**Aim of the exercise:**
Using the records that appear below, write out exactly the lines from the one with "Crafted from high-quality" through the one with "Salon de jardin", keeping both end lines.

**Entries supplied:**
◇ ◇ ◇
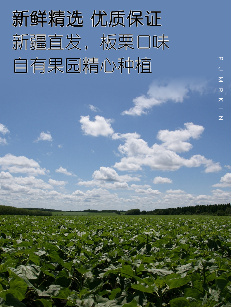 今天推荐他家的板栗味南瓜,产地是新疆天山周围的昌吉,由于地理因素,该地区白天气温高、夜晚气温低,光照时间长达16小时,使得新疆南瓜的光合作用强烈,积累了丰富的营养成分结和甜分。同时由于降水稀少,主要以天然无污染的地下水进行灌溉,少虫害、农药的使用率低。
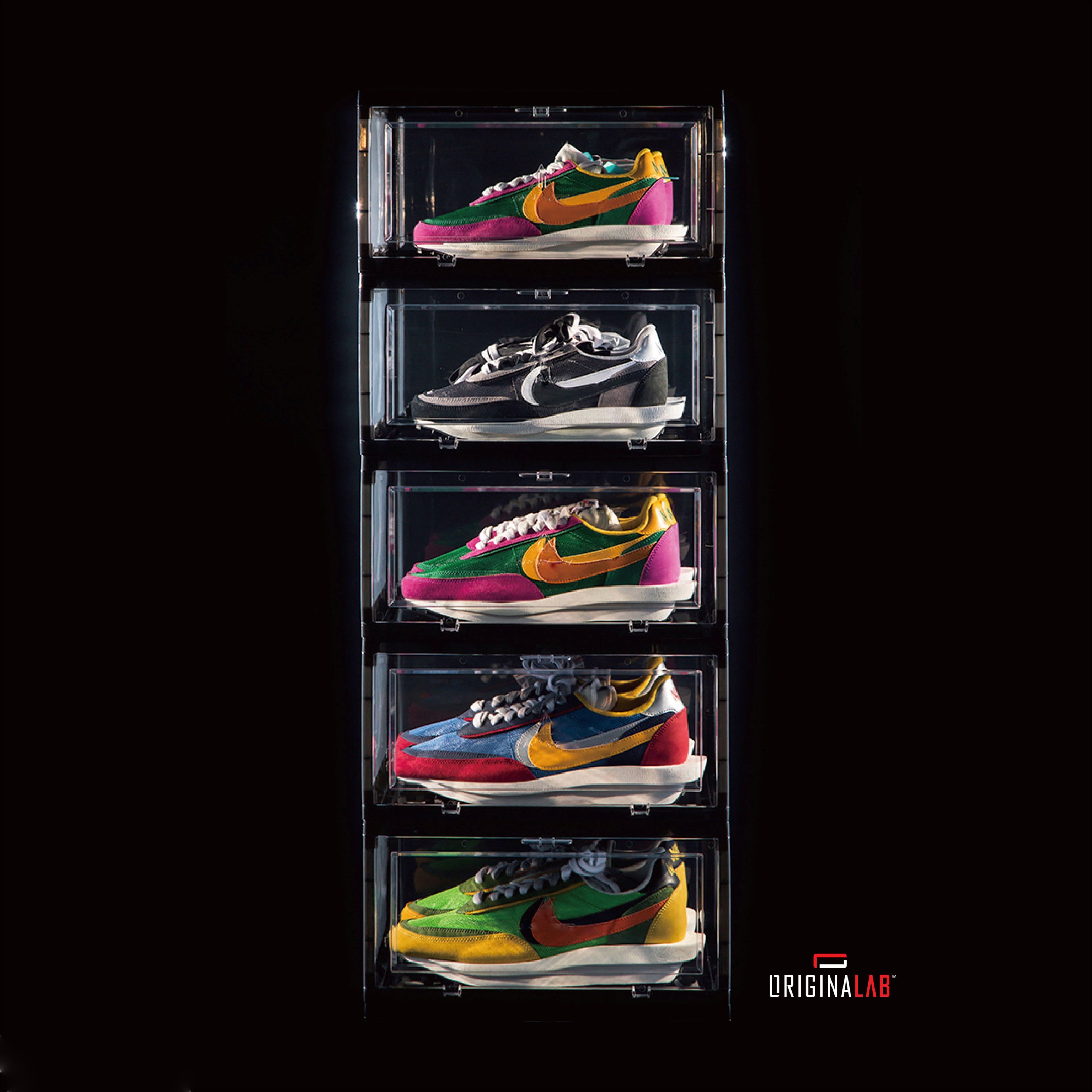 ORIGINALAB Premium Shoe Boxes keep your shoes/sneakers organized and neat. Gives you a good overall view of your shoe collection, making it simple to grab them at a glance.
◇ ◇ ◇
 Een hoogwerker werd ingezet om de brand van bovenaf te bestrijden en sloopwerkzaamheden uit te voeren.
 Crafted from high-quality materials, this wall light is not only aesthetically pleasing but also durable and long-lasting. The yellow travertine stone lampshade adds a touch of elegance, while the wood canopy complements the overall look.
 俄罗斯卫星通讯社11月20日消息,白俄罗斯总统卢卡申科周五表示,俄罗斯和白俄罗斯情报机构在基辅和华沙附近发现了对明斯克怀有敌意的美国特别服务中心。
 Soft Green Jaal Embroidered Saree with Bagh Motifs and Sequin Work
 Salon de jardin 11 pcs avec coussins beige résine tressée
◇ ◇ ◇
**Expected answer:**
 Crafted from high-quality materials, this wall light is not only aesthetically pleasing but also durable and long-lasting. The yellow travertine stone lampshade adds a touch of elegance, while the wood canopy complements the overall look.
 俄罗斯卫星通讯社11月20日消息,白俄罗斯总统卢卡申科周五表示,俄罗斯和白俄罗斯情报机构在基辅和华沙附近发现了对明斯克怀有敌意的美国特别服务中心。
 Soft Green Jaal Embroidered Saree with Bagh Motifs and Sequin Work
 Salon de jardin 11 pcs avec coussins beige résine tressée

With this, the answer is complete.